Und wieder fuhr sie nach W. Sie holte ihn ab und brachte ihn zu seiner Wohnung. Er war ziemlich aufgeregt, weil er den Abend noch „Damenbesuch“ bekommen sollte. Das türkische Mädchen hatte sogar noch eine Überraschung für ihn.
Bei seiner Wohnung angekommen stieg er aus und sie wollte wieder fahren, als er um ihr Auto herum kam und die Tür öffnete. Er lehnte sich hinein und wollte sie Umarmen, stieß sich dabei aber den Kopf. Lachend und voller Mitleid stieg sie nun extra für ihn aus. Er nahm sie in den Arm und wiegte sie hin und her. „Nimm dir für Morgen nichts vor. Ich will mit dir etwas machen, als Dankeschön für heute.“
„Ach, und was hast du vor?“
„Ich weiß nicht Eis essen gehen?“
Sie sah ihm in die Augen und musste grinsen. „Ein Eis, bei der Kälte? Kleiner es ist Winter!“
„Egal. Nimm dir einfach nichts vor!“

Später am Abend bekam sie eine SMS von ihm: „Hey Kleines! Danke nochmal für heute und guck, dass du morgen wirklich Zeit hast. Ich muss mal mit dir reden. Du bist echt so eine wirklich gute Freundin, das will ich dir jetzt immer zeigen! Ich hab dich voll lieb!“
„Wie süß du manchmal bist. Ist doch klar, dass ich das gemacht habe! Wir sind doch Freunde.“
„Ich habe aber leider bis heute nie richtig kapiert, was du schon alles für mich gemacht hast. Oh Gott! Ich werde dich von heute an nur noch nerven, bis du mich schlägst. Du bist toll!“
Sobald sie die SMS gelesen hatte, kamen ihr die Tränen und ihr schoss nur noch ein Gedanke durch den Kopf: „Ich will keinen Kontakt mehr!“
Immer und immer wieder schoss er ihr durch den Kopf. Keinen Kontakt mehr! Aber warum wollte sie keinen Kontakt mehr? Jeder andere normale Mensch würde sich freuen, wenn er solche SMS bekäme. Doch sie erinnerte sich an die Mail von damals, als er ihr schon einmal geschrieben hatte, dass er froh war sie zu haben. Doch danach hatten sie eher, mal wieder keinen Kontakt, als dass sie gespürt hätte, wie glücklich er war, dass sie da war.
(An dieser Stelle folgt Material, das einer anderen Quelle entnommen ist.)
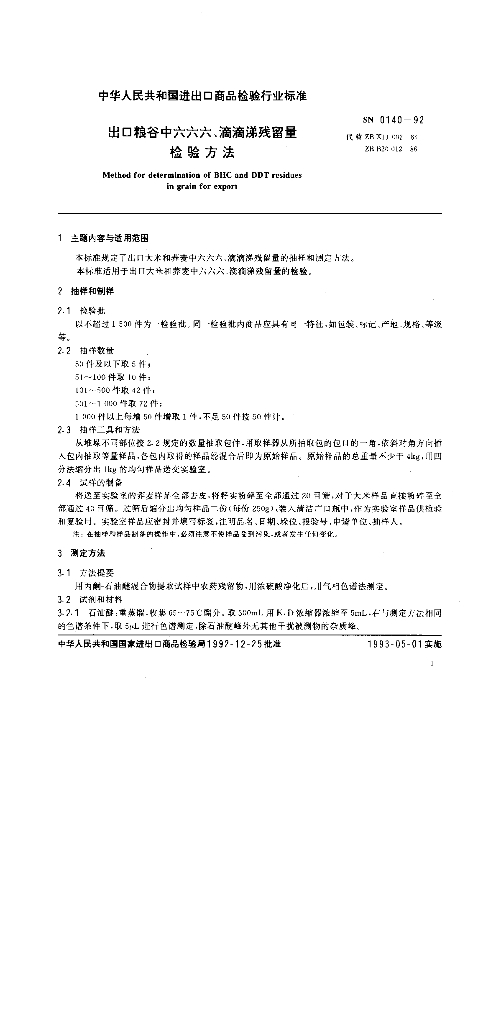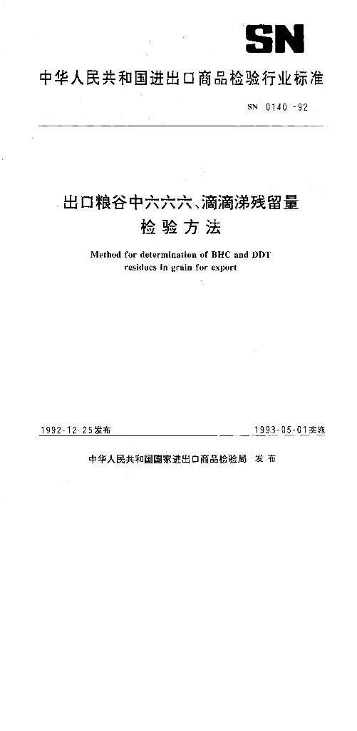 SN 0140-1992 出口粮谷中六六六、滴滴涕残留量检验方法

Irgendwie wollte sie nicht mehr. Sie wollte nicht jedes Mal auf eine Antwort warten um nie eine zu bekommen. Sie wollte nicht mehr, dass sie für ihn 50 Kilometer fährt und das gleich zwei Mal an einem Tag.
Aber, als sie genauer darüber nachdachte, was kein Kontakt mehr bedeutete, wurde sie traurig. Sie erinnerte sich an die guten Zeiten, die sie miteinander hatten und auch daran, dass es immer schön war, wenn er in ihrer Nähe war. Sie wollte ihn nicht verlieren… Sie wollte ihn nicht als Freund missen. Doch, auch wollte sie nicht, dass er verletzt wurde. Sie wusste schließlich selbst, wie es ist jemanden zu verlieren der einem wichtig ist. Sie konnte und wollte ihm diesen Schmerz nicht antun.
Am nächsten Tag kam es, über einige Umstände, dass sich die alte Gruppe wieder traf. Eigentlich wollte er zu ihr kommen, aber die Freundin, in die der Junge am Anfang dieser Geschichte verliebt war kam zu dem Mädchen. Sie fuhren gemeinsam zu dem Mädchen, was ihr damals den Jungen erst vorgestellt hatte und dessen Freund. Aufgrund starken Regens, fragte das Mädchen ob sie nicht lieber zu ihm kommen solle. Die anderen aus der Gruppe bekamen das mit und plötzlich standen alle vier vor seiner Tür.
Es war das erste Mal, seit der Drogensache, dass sich der Hauptteil der Gruppe wiedersah. Jedoch war alles wie früher. Die Jungs alberten gleich zusammen rum und die Mädchen schauten amüsiert den beiden zu. Sie war glücklich, dass sich alle so gut verstanden. Vielleicht würden sie jetzt öfter wieder was gemeinsam unternehmen.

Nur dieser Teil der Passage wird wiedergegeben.